Known Issues (Fixed in v0.3.0 / v1.0.0)¶

All six convergence bugs identified during v5 benchmarking have been fixed. The v6 re-benchmark will validate these fixes.

Bug	Fix (v0.3.0)	Affected Results
Truncation bootstrap missing	V(terminal_obs) bootstrap for truncated episodes	PPO Hopper (628 vs 3577)
Scalar obs normalization	Per-dimension Welford stats via `RunningStatsVec`	All MuJoCo envs
Raw reward normalization	Return-based std (SB3 convention)	All normalized envs
Train/collect obs mismatch	Consistent normalization via `VecNormalize` wrapper	All normalized envs
A2C advantage normalization	Default changed to False for small batches	A2C CartPole (54 vs 500)
log_std init = -0.5	Changed to 0.0 (std=1.0, matching SB3)	All continuous envs

Pre-fix notes (v5 results above)¶

PPO Hopper gap (628 vs 3577): Truncation bootstrap + normalization bugs. Fixed.
A2C CartPole instability (54 vs 500): Advantage normalization default. Fixed.
DQN underperformance: DQN results lag behind SB3 on both CartPole and MountainCar; under investigation.

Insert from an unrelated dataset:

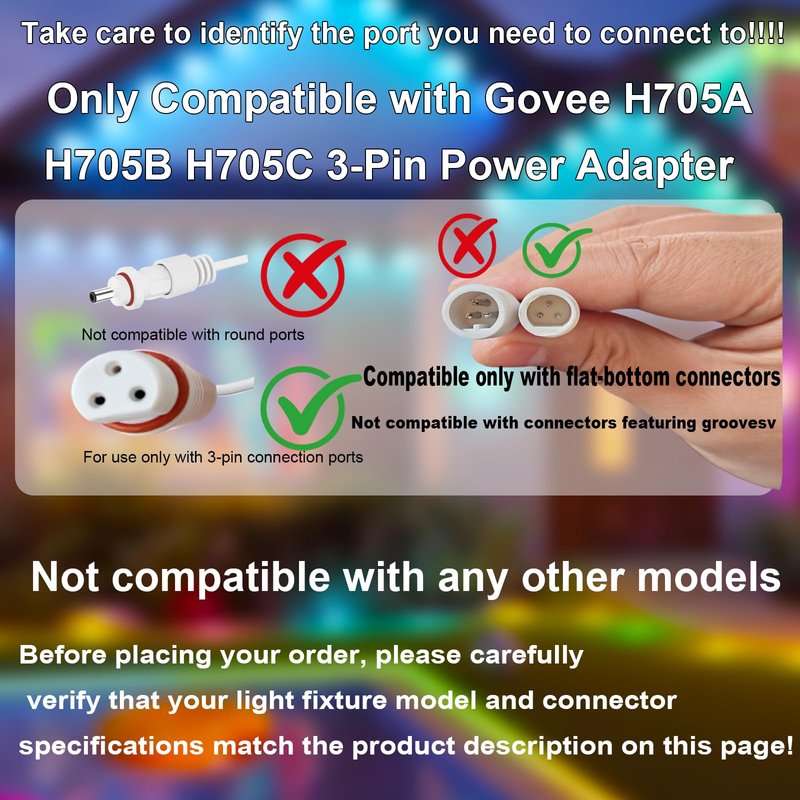 - Please note: This product is incompatible with 3-pin connectors featuring grooves. It is only compatible with flat-bottomed 3-pin connectors. Please double-check the attached diagram to confirm your connector matches this specification.

Candle Hybrid Collection Benchmark¶

Measured on Apple M-series, CartPole-v1, PPO (n_steps=128, n_epochs=4, hidden=64):

n_envs	Hybrid SPS	Standard SPS	Speedup	Collection %
4	32,460	18,779	1.73x	45.6%
8	40,020	23,037	1.74x	41.2%
16	47,863	32,204	1.49x	30.7%
32	53,721	42,748	1.26x	23.4%

The speedup is strongest at lower env counts (4-8 envs: 1.7x) where per-step Python dispatch overhead (~113us) dominates. With more envs, PyTorch's BLAS amortizes the overhead, narrowing the gap.

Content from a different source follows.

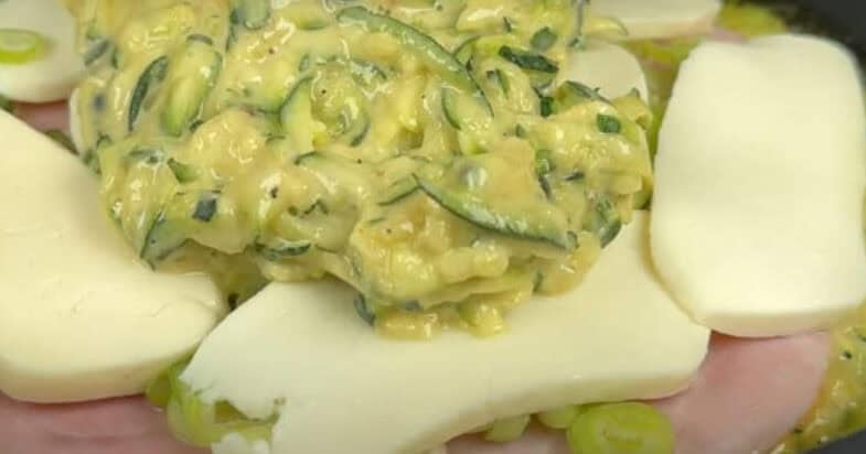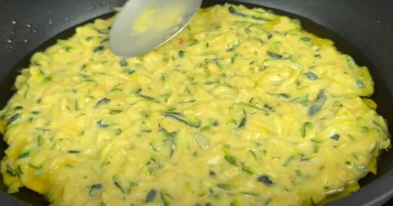 Натираю на терці кабачок, солю і залишаю на 5 хвилин, потім просиджую рідину, яка утворилась, через сито, гарно прижимаючи ложкою. В окремій мисці яйця змішую з сіллю та перцем, вливаю до кабачків, перемішую. Додаю борошно, перемішую. Змащую сковорідку олією, викладаю рівну половину маси, розрівнюю.
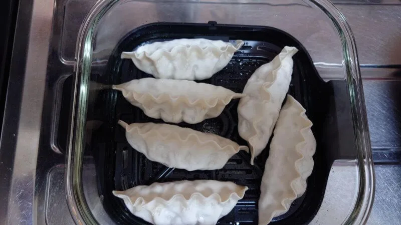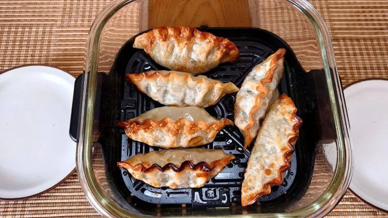 冷凍餃子の「王マンドゥ 肉&野菜」をサラダオイルをスプレーした調理プレートに並べて「ベイクモード」で調理しました。

The Candle hybrid approach eliminates Python dispatch overhead during collection, shifting the bottleneck entirely to the PyTorch training backward pass.

Info

A v6 re-benchmark is planned using rlox v1.0.0 with all six convergence fixes applied. This will include multi-seed runs (5 seeds) with IQM statistics and learning curve plots. Results will be uploaded to gs://rkox-bench-results/convergence-*/.